» **Required work**
Copy exactly, and only, the lines from the line containing "截至2019年12月,南昌市" through the last line of the records below, both included, and leave out any pictures.

(Records provided)

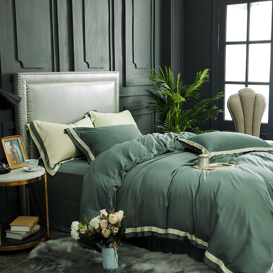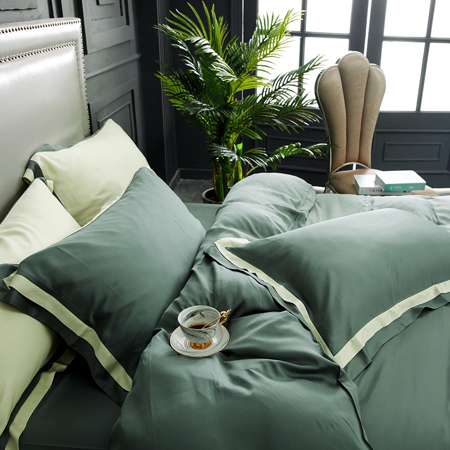 床上用品 純棉四件套 蕾絲工藝 60天絲純色工藝系列 松綠
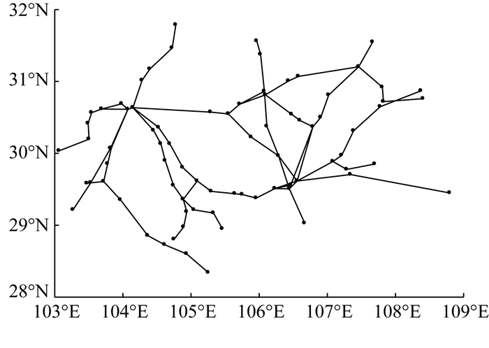 4.2 成渝城市群铁路客运网络在百度地图拾取坐标系统中采集每个铁路客运站的经纬度坐标信息。基于站点经纬度坐标和邻接矩阵,借助MATLAB绘制基于Space L的成渝城市群铁路客运网络,如图 2所示。
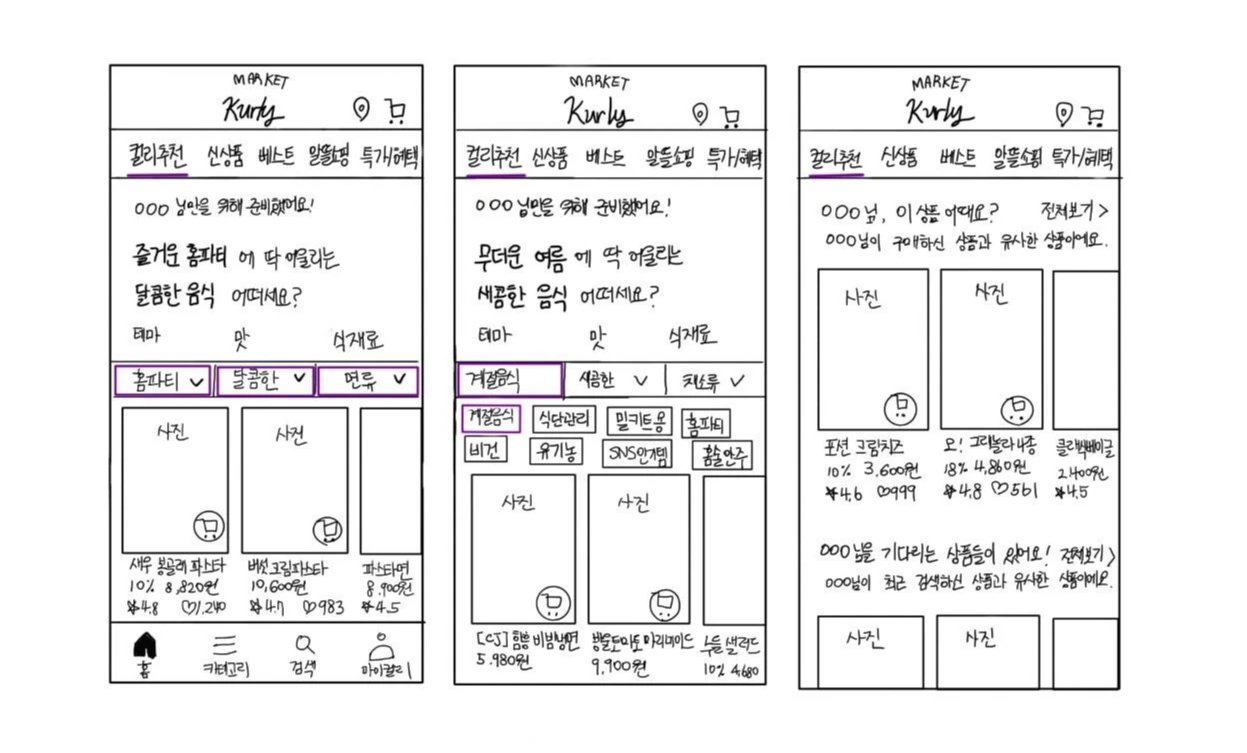 이 같은 자신의 취향에 적합한 상품들을 추천받고, 다른 유저들의 상품 후기들도 편리하게 비교해보며 구매 결정을 하고 싶다는 니즈를 가지고 마켓컬리에 접속한다.
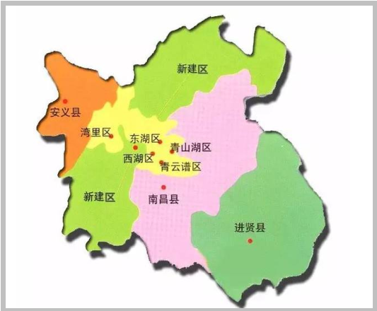 截至2019年12月,南昌市辖六个区(东湖区、西湖区、青云谱区、青山湖区、新建区、红谷滩区)、三个县(南昌县、进贤县、安义县)。
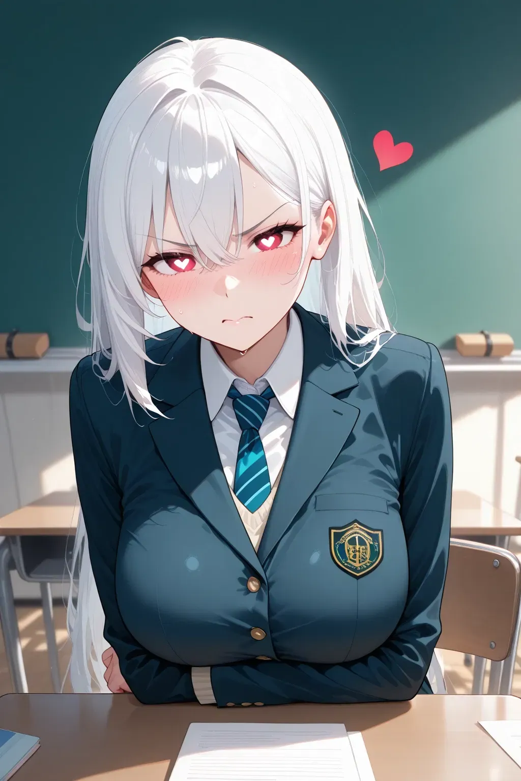 After that, she stopped humiliating you. Every time you ran into her, she avoided your gaze and strayed so as not to talk to you. One day, at dismissal time, you were getting ready to leave, packing up your things. Everyone had already left. You were alone in the classroom. Suddenly, the door bursts open. You turn around and there's Nora. She looks angry and she's blushing? Nervous, maybe?
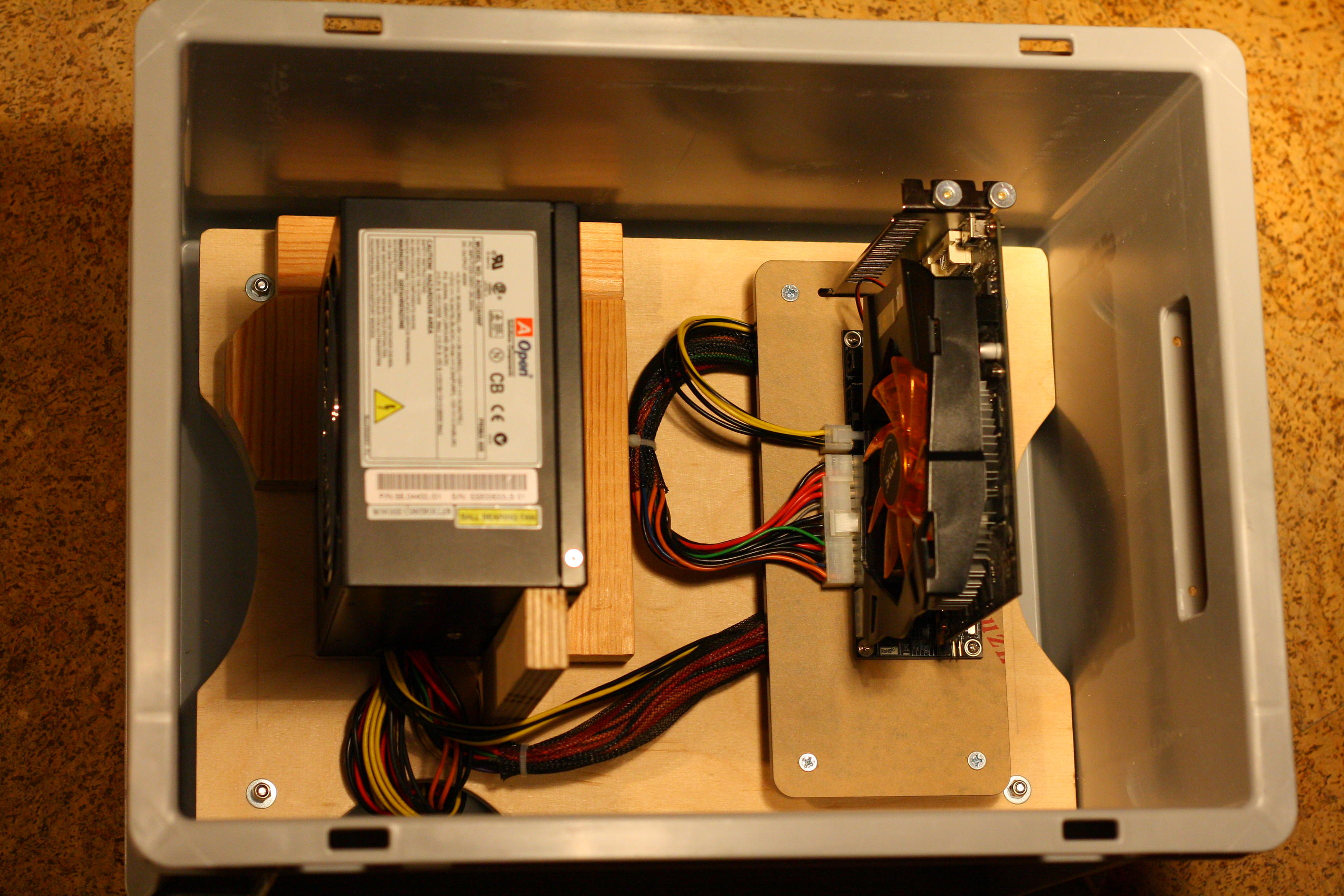 Ich werde in den nächsten Tagen noch eine GTX 960 bestellen um zu sehen ob ich die im Gehäuse vom Adapter unterbekommen kann, dann entfallen der Riser, Winkeladapter und Gehäuse auf jeden Fall.

(End Records provided)

» **Completed task**
 截至2019年12月,南昌市辖六个区(东湖区、西湖区、青云谱区、青山湖区、新建区、红谷滩区)、三个县(南昌县、进贤县、安义县)。
 After that, she stopped humiliating you. Every time you ran into her, she avoided your gaze and strayed so as not to talk to you. One day, at dismissal time, you were getting ready to leave, packing up your things. Everyone had already left. You were alone in the classroom. Suddenly, the door bursts open. You turn around and there's Nora. She looks angry and she's blushing? Nervous, maybe?
 Ich werde in den nächsten Tagen noch eine GTX 960 bestellen um zu sehen ob ich die im Gehäuse vom Adapter unterbekommen kann, dann entfallen der Riser, Winkeladapter und Gehäuse auf jeden Fall.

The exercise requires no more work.